玲央:自分たちとファンの間には関係者の方々っていうのもいらっしゃるわけじゃないですか。僕が今でもよく覚えてるのは、『SHADOWS』を出したとき、アーティスト写真を黒いシャッターの前で撮ったんです。

-覚えております。あの写真では皆さん黒レザーの衣装をお召しでした。

玲央:そうです、そうです。僕はあの頃アルバムを作るために借金をしまして、自分の生活を全振りして、"これが売れなきゃどうしようもない"というくらいの予算感で作ったのが『SHADOWS』だったんですね。結果として写真撮影の分まではあまり予算を回せなくなり、あれは「SHADOWZ」のミュージック・ビデオのシューティング現場までカメラマンの小松(陽祐)さんに来ていただいて、なんとかこの場所の撮れそうなところでお願いしますということで撮ってもらったんですよ。で、当時その写真を見た某関係者が"このアーティスト写真、めちゃくちゃカッコいいね!!"と言ってくださり、初めて褒めていただいたんですよ。 たぶん、バンドが一丸となって前に進もうとしてる勢いとか空気感があの写真にも出てたんでしょうね。なんだか今、ふとそのことを思い出しました。たしかに音もそうなんですけど、バンドとしての存在感までちゃんとしっかり固まったのが『SHADOWS』を出した時期だったんだと思います。

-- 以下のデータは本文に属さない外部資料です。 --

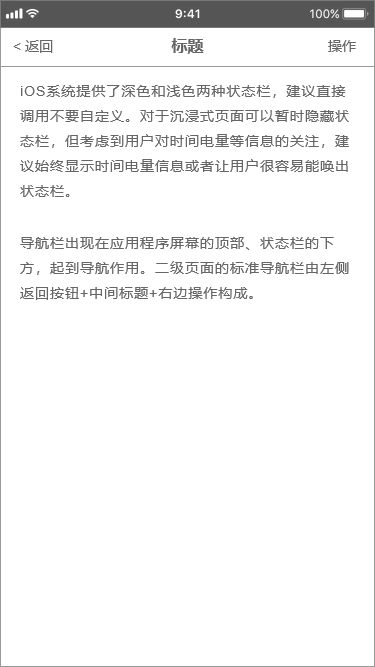 状态栏显示用户当前的移动网络信息、WiFi信号、时间、电量等,大部分情况下,需要让用户知晓这些信息,但为了沉浸式的效果,也可以隐藏。不同机型,状态栏不一样,但我们画原型时,有一个可以占位的组件就行了。![]()
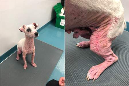 The Humane Society says he has been tentatively diagnosed with chronic severe allergies, secondary bacterial and yeast infections, and is being treated for external parasites including mange.
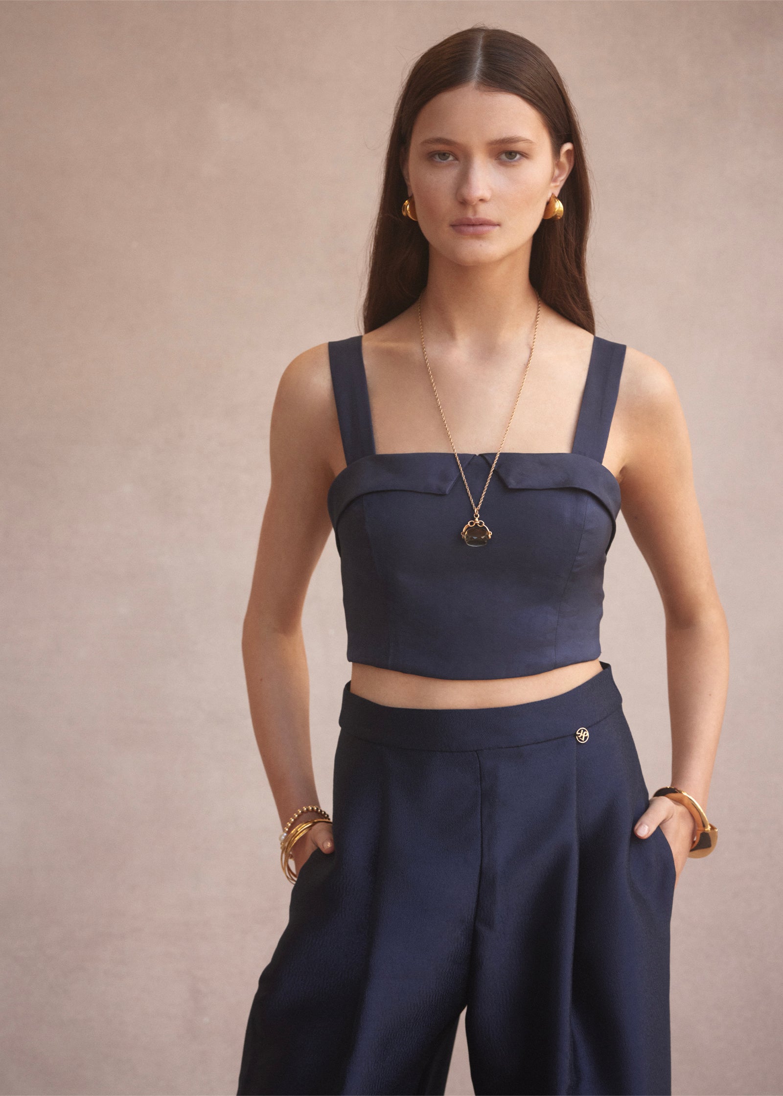 e The Riviera Pant in Navy are our high waisted, wide leg pant featuring front pleats, centre back zipper and gold metallic detailing. Made in a luxurious satin back crepe, these pants have a soft sheen and a smooth, silk-satin feel on the inside. Two pleats at centre front drape from the waist and fall to a flattering wide leg. Side pockets feature gold piping detail.
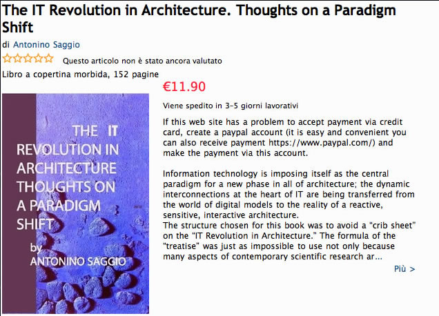 1. Antonino Saggio, "Informazione Materia Prima dell'Architettura", Op. Cit., # 118, September 2003 (pp. 5-10). >
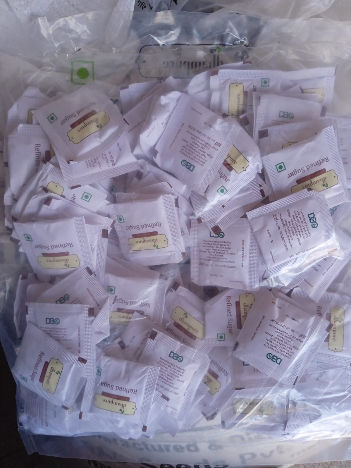 Dhampure White Sugar Sachets contain their branded white crystal sugar, which is a refined, non-acidic sugar that is perfect for sweetening drinks and other dishes on the go, providing immediate sweetness due to its fine crystal structure.
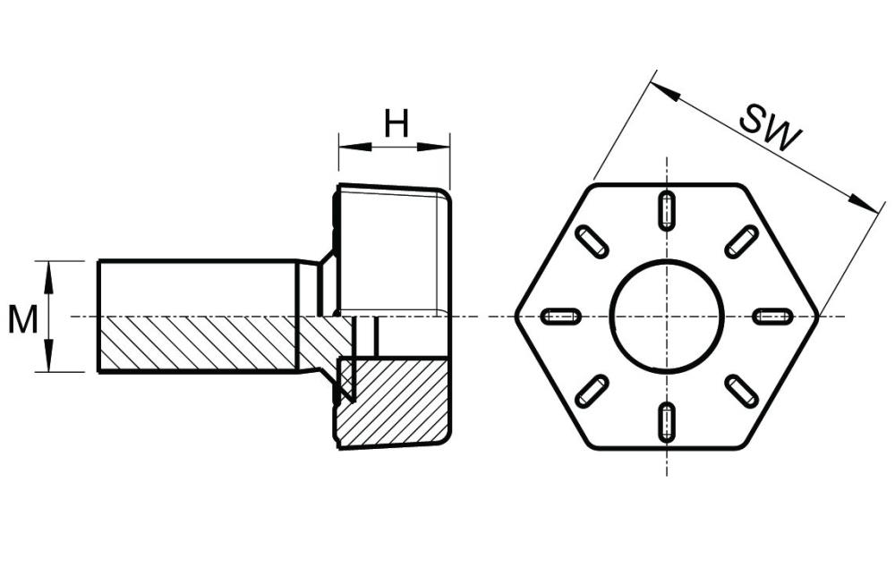 Diese Stellschrauben sind eine Alternative zu den Bodenausgleichsschrauben mit rundem oder quadratischem Fuß. Die Sechskant-Form passt perfekt auf Rohrbeine von Mobiliar oder Maschinen mit einem Gewinde für M8 oder M10.
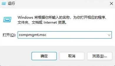 在键盘上按win+R打开运行对话框,输入【compmgmt.msc】后回车
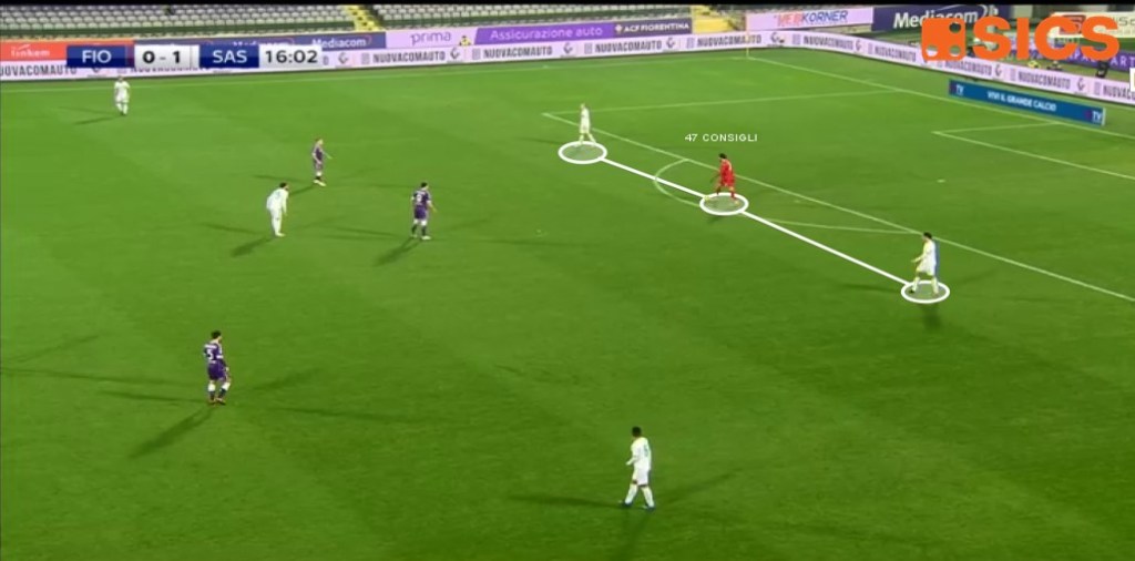 In questo senso, l’atteggiamento dei viola ha pagato. Infatti, è vero che gli uomini di De Zerbi, quando sono riusciti a trovare linee di passaggio verticali, sono diventati pericolosi riuscendo a sfruttare la loro qualità (come in occasione del gol del vantaggio) ma, in generale, il Sassuolo ha avuto difficoltà nel trovare la profondità e spesso il suo palleggio è stato a U.
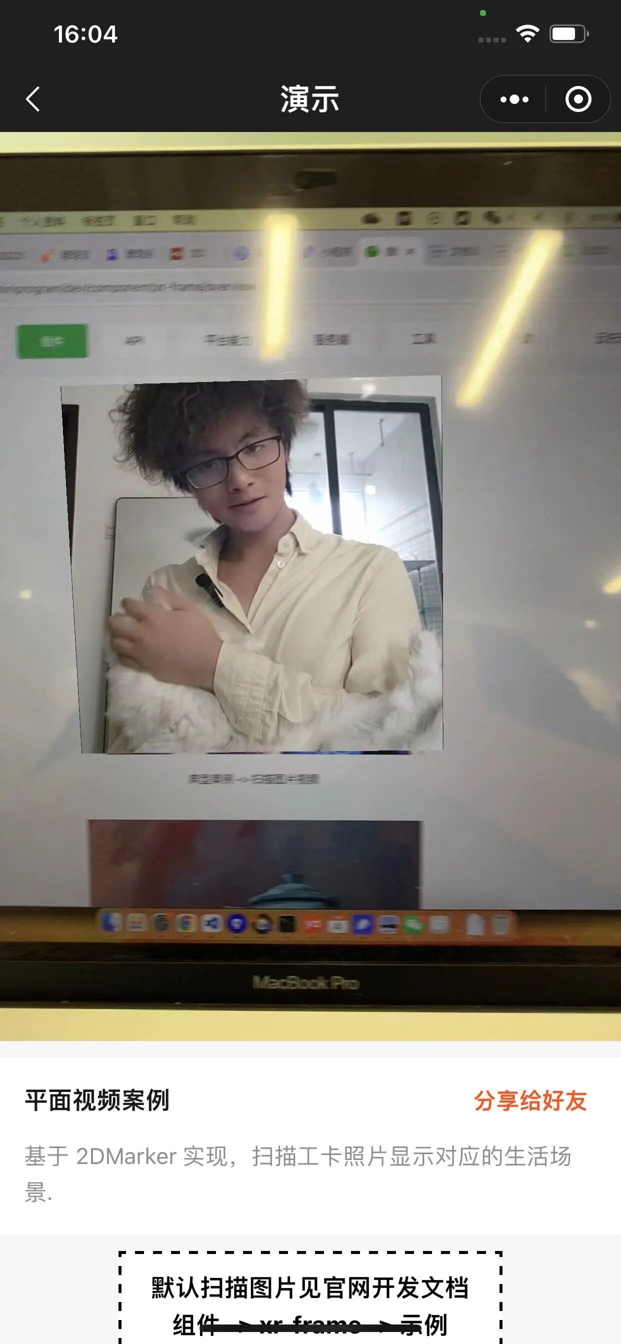 2、识别几次后必定闪退导致了微信崩溃,测试步骤过程,使用的官方示例 -> AR典型案例 -> video扫描图片视频(见图),识别成功后挡住图片2秒后移开手再次识别,重复几次后必定崩溃,小程序多次崩溃后触发微信的安全模式。

-私が最初に取材をさせていただいたのは『THE AVOIDED SUN』が出た直後あたりで、当初からlynch.に対してはいいバンドだなという好感を持っていたのですけれど、2008年のシングル『Adore』で"このバンドはここから急成長するな"と予感し、その後に『SHADOWS』を聴いて"lynch.は絶対に大きなバンドになる"と確信しました。そうした経緯もあり、このたび2025年版の『SHADOWS』を聴けたことがとても感慨深いです。晁直さんは何か当時の想い出はあります?

晁直:いかんせん10数年前のことだから当時のことはあんまりよく覚えてないですけど、『SHADOWS』のレコーディングをしてたときはみんなでずーっとPSPやってたのだけはなぜかやたらと覚えてます(笑)。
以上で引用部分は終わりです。